I sent Froward downstairs, to man the door in case any children would brave the lone and lonely trail that winds up the hill to the house. I gave him instructions to be as silent as possible, and to drive away anyone who insisted on seeing me.

The huge, round window, inscribed at the edges with such peculiar theosophic symbols, which loomed like the eye of a Cyclops in the folly tower, opened into a bare white upper room  where Froward, my manservant,  had placed a single couch. The rest of the house was boarded up, unswept, unfilled. The walls were as blank as the inner lid of a sensory deprivation chamber. Here in the circle of moonlight cast by the rose window was a small table holding my drugs and potions and phylacteries and neuroelectrical equipment, resonator and recording cylinders, amplifiers, and so on. I did not need to light the lamp when mixing the first dose—I am sure I made no mistake.

The moon shone bright and clear, and the stars were like eyes of diamond.

I took the first injection, and followed this with a drink of the forbidden mixture.  The injection would suppress the inhibition centers in the medulla oblongata, allowing a full potential of neuroelectric current to flow freely in my system. The draft was meant to hinder the jerking or random motion of the limbs the investigator Annesley reports in his findings, caused by the abnormal sensitivity.

The theory, first explicated by a Boston savant named Tillinghast, but having roots in the teachings of Tibetan loremasters and Egyptian mystagogues, is that our perceptions have far more range and fineness than we consciously can know.

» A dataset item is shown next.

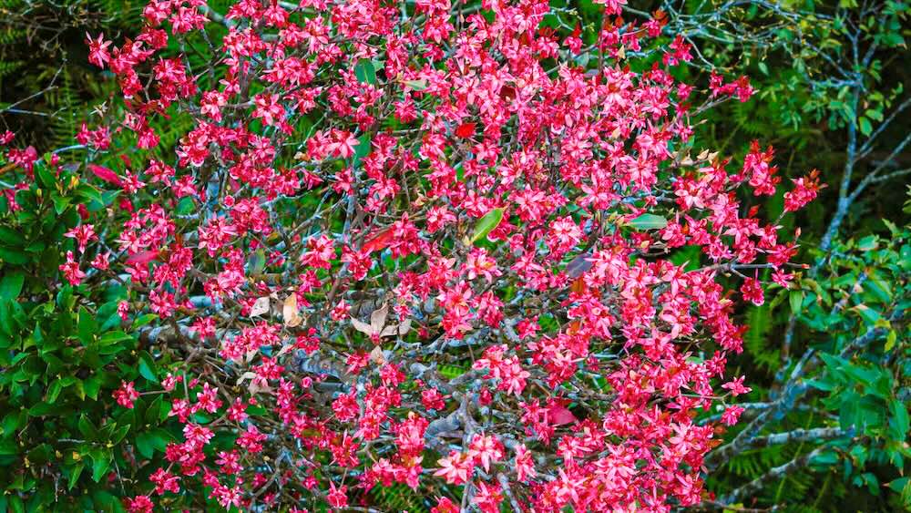 Đỗ quyên hoa chuông vươn cao tới 5m, hoa trắng và đỏ nổi bật giữa nền rừng xanh thẫm.

In the same way that it is said that subconsciously we never forget the slightest detail of any perception, even prenatal influences, the theory held that we are presently aware of far more than reaches our awareness.

A region in the thalamus and hypothalamus screens out ninety percent of the signals reaching us from the outer cosmos, allowing our cortex only to see and hear those perceptions useful, as blind evolution measures use, to the survival of the species. Darwinism cares nothing for truth value, only for use value. I often wonder why our eyes allow us to see the stars, since I can imagine no chain of circumstances where seeing these tiny lights would mark the difference between life and death.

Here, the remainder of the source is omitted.